In the first stage of the X-learner, the control response function is estimated using all units in the control group as
μ_0 = E [ Y(0) | X = x],
and the treatment response function is estimates using all units in the treatment group as
μ_1 = E [ Y(1) | X = x].
Both μ_0 and μ_1 are estimated using any base learner (supervised machine learning or regression algorithm). Here we implement the X-learner with linear regression or regression forest (see Athey, Tibshirani, and Wager (2016)) as the base learner.

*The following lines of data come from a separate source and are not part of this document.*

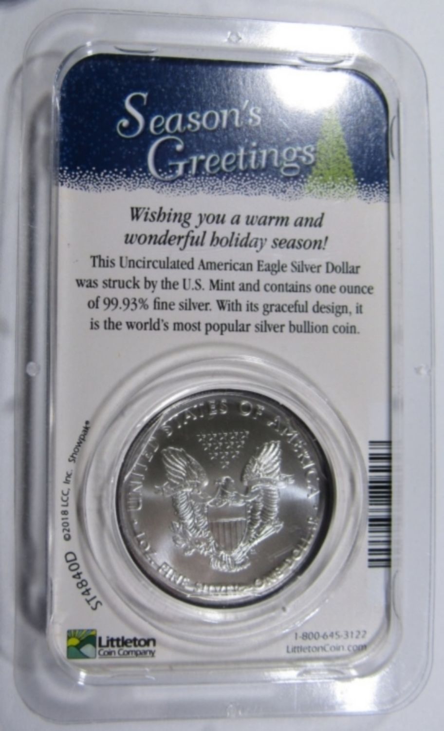 AMERICAN SILVER EAGLE 1ozt .999 PURE SILVER “SEASON’S GREETINGS” DESIGN
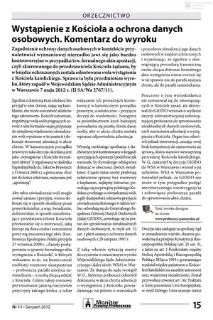 Wystąpienie z kościoła a ochrona danych osobowych : komentarz do wyrokuWystąpienie z kościoła a ochrona danych osobowych : komentarz do wyroku
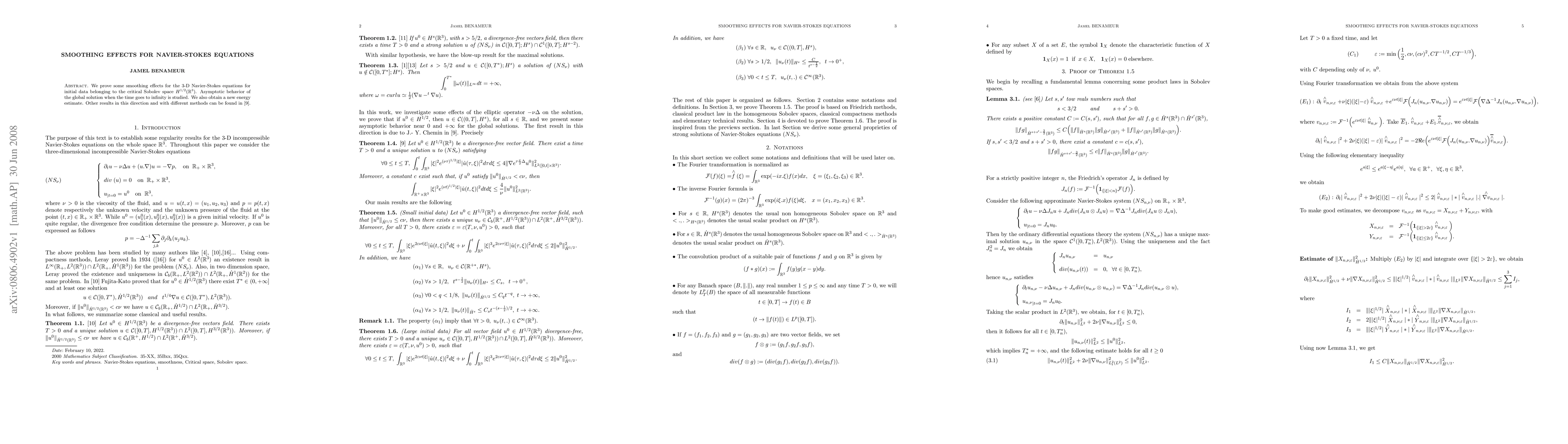 We prove some smoothing effects for the 3-D Navier-Stokes equations for initial data belonging to the critical Sobolev space $H^{1/2}(\R^3)$. Asymptotic behavior of the global solution when the time goes to infinity is studied. We also obtain a new energy estimate. Other results in this direction and with different methods can be found in \cite{C4}.
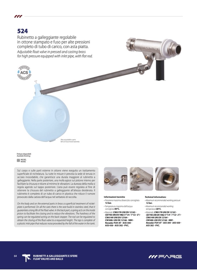 ottenere la chiusura del rubinetto a galleggiante all’altezza desiderata. Il
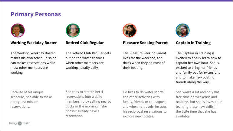 To better understand their goals and pain points, we conducted user interviews with 15 current and prospective Freedom Boat Club members. Through this research, we developed four primary personas:
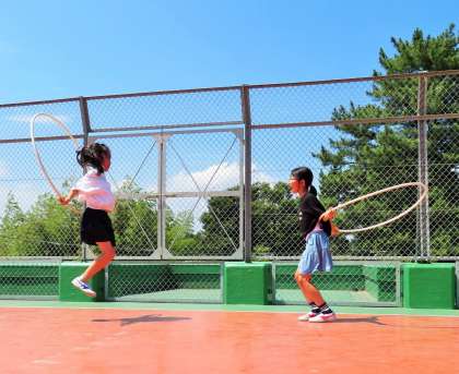 「シンクロフラフープ」や「フラフープくぐり」に挑戦しています!

In the second stage, the treatment effect for each observation is then imputed by estimating the counterfactual outcome for each observation using the first-stage base learner models:
\tilde{D}^1_i := Y^1_i - \hat{μ}_0(X^1_i)
and
\tilde{D}^0_i := Y^0_i - \hat{μ}_0(X^0_i)
where \tilde{D}^1_i and \tilde{D}^1_i are the imputed treatment effects (two for each observation). The CATE is then estimated in two ways:
\hat{τ}_1 = E[\tilde{D}^1 | X = x]
and
\hat{τ}_0 = E[\tilde{D}^0 | X = x].
Currently, we include the option to estimate \hat{τ}_1 and \hat{τ}_0 with linear regression or regression forests.
In the third stage, estimate the CATE by a weighted average of the two estimates from the second stage:
\hat{τ} = g(x) \hat{τ}_0(x) + (1 - g(x)) \hat{τ}_1(x).
Here, we choose propensity scores to be the weighting function g{x}.
a list of two. The first element is a vector of conditional average treatment effect for each observation. The second element is the estimated average treatment effect.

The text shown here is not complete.